The most powerful part of A Mother’s Reckoning is how Klebold reframes the Columbine massacre as not only an act of mass murder, but an act of suicide. She has support here from many experts, including Adam Lankford, whose book, The Myth of Martyrdom, argued that suicidal acts of terror can often be linked to depression and suicide.
According to many who have studied the shootings, Eric Harris was a stone psychopath. His journals are filled with a desire to kill the world. Conversely, Dylan Klebold’s journals are filled with love; that is, a feeling that he was not loved, or could not find love. He was, in short, intensely depressed and looking to end his own life. To the detriment of so many, he came into contact with Harris, and their individual mental health crises complemented each other in the worst possible way.
Klebold’s discussion of suicide and depression are the reason I recommend this book. School shootings are terrible, and they are frightening. They are also, like plane crashes, statistically unlikely. Further, the odds of me raising a mass shooter – while greater than zero – are again not high.

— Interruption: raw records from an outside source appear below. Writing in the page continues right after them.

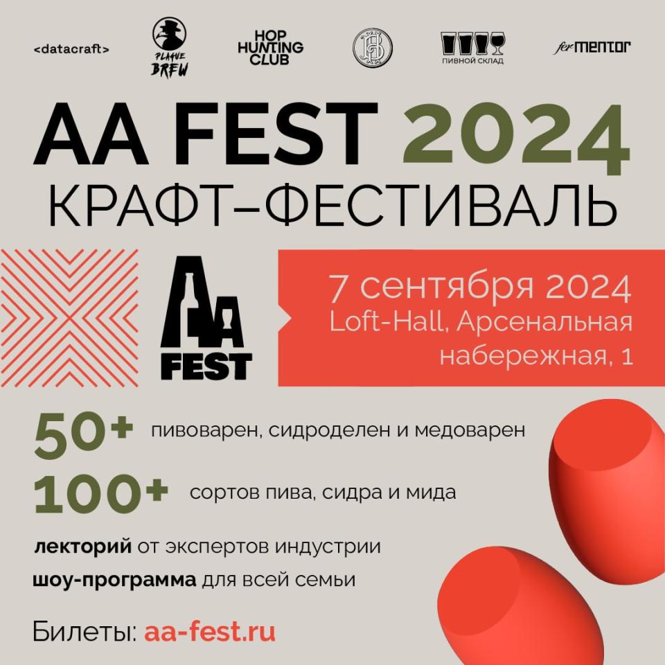 В этом году AA FEST соберет больше 50 лучших пивоварен, медоварен и сидроделен со всей России и стран СНГ, представив более 100 классических, исторических, экспериментальных и безалкогольных сортов. Весь день гости фестиваля смогут наслаждаться безлимитным пивом, вкусной едой, live-музыкой и шоу-программой для всей семьи, а также лекциями от ведущих экспертов крафтовой индустрии.
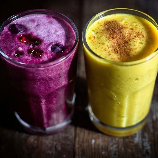 Sneak in your veggies! Add a small handful of baby spinach (it has magnesium!) and replace the cherries with frozen pear slices. The spinach’s color gets totally masked by the other ingredients, so you won’t feel like you’re drinking a swamp thing. TBH, you won’t even taste it.
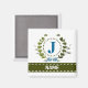 A delicate ivy wreath with a blue striped bow is layered over a fresh white background. Wedding appropriate design features the monogram "J" in blue. Magnet can be personalized with any name over the green ribbon banner. Design tip: For the font shown here, use all caps for the name.
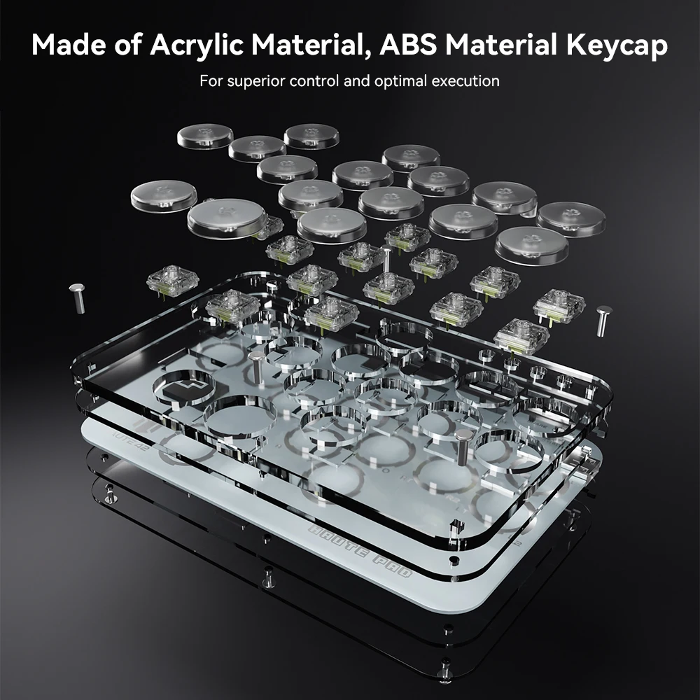 This is a transparent acrylic material with RGB lighting effect, an mini hitbox style arcade keyboard with 16 buttons, providing a comfortable feeling and allowing you to enjoy fighting games. Buyers can create their own hitbox skins to make the controller look cooler and more personalized

Suicide, on the other hand, is one of the leading causes of death among young people. I have never met or known a school shooter or school shooting victim. I have known three people who have killed themselves, and two others who made real attempts. Suicide, as Klebold explains, is not an impulsive act, even though it often seems rash. Someone loses a boyfriend, or a girlfriend, or gets embarrassed in class, or gets called out on social media, and the next minute, they are dead, in an act that seems unplanned. As discussed here, with the input of real experts, that is often not the case. The final act may be precipitous, but there was likely a long series of moments, haunted by “the noonday demon”, that led to that final irreversible act. That depression can be masked, that the symptoms can be so quotidian, is what makes it so terrifying.
A Mother’s Reckoning says a lot of things that are hard to hear but dangerous to ignore.